Question

If geometric mean and harmonic mean of two numbers are \(16\) and \(\frac{64}{5}\) respectively, then \(a:b\) is:

• A. \(4:1\)
• B. \(3:2\)
• C. \(2:3\)
• D. \(1:4\)

Hint:

Use \(GM^2 = ab\) and \(HM = \frac{2ab}{a+b}\) to solve for \(a\) and \(b\).

Answer 1

The Correct Option is A

Concept: For two numbers \(a\) and \(b\): \[ GM = \sqrt{ab} = 16 \quad \Rightarrow \quad ab = 256 \] \[ HM = \frac{2ab}{a+b} = \frac{64}{5} \]
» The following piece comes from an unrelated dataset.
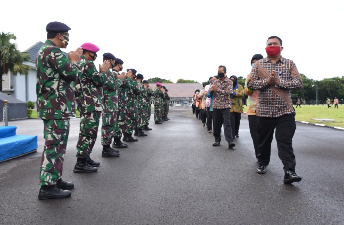 MASPOLIN || Surabaya – Berkait pandemi Covid-19 menjadijkan tradisi Halal Bihalal Idul Fitri tahun ini berbeda dari tahun sebelumnya, seperti yang dilakukan personel Akademi Angkatan Laut (AAL) yang melakukan hal tersebut tanpa berjabat tangan usai apel pagi di Lapangan Banda, Mako AAL, Bumimoro, Surabaya, Jumat (29/5).

Step 1: Find \(a+b\). \[ \frac{2 \times 256}{a+b} = \frac{64}{5} \quad \Rightarrow \quad \frac{512}{a+b} = \frac{64}{5} \] \[ 512 \times 5 = 64(a+b) \quad \Rightarrow \quad 2560 = 64(a+b) \quad \Rightarrow \quad a+b = 40 \]
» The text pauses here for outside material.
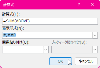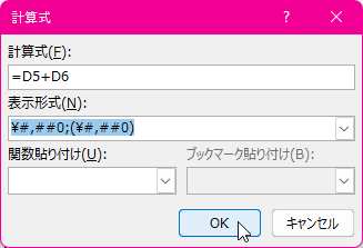 - [計算式]ダイアログボックスの[表示形式]ボックス一覧から「#,##0」を選択して、[OK]ボタンをクリックします。

Step 2: Solve for \(a\) and \(b\). We have: \[ a+b = 40,\quad ab = 256 \] The quadratic \(t^2 - 40t + 256 = 0\) gives: \[ t = \frac{40 \pm \sqrt{1600 - 1024}}{2} = \frac{40 \pm \sqrt{576}}{2} = \frac{40 \pm 24}{2} \] \[ t = 32 \quad \text{or} \quad t = 8 \] Thus, the numbers are 32 and 8. Ratio \(a:b = 32:8 = 4:1\).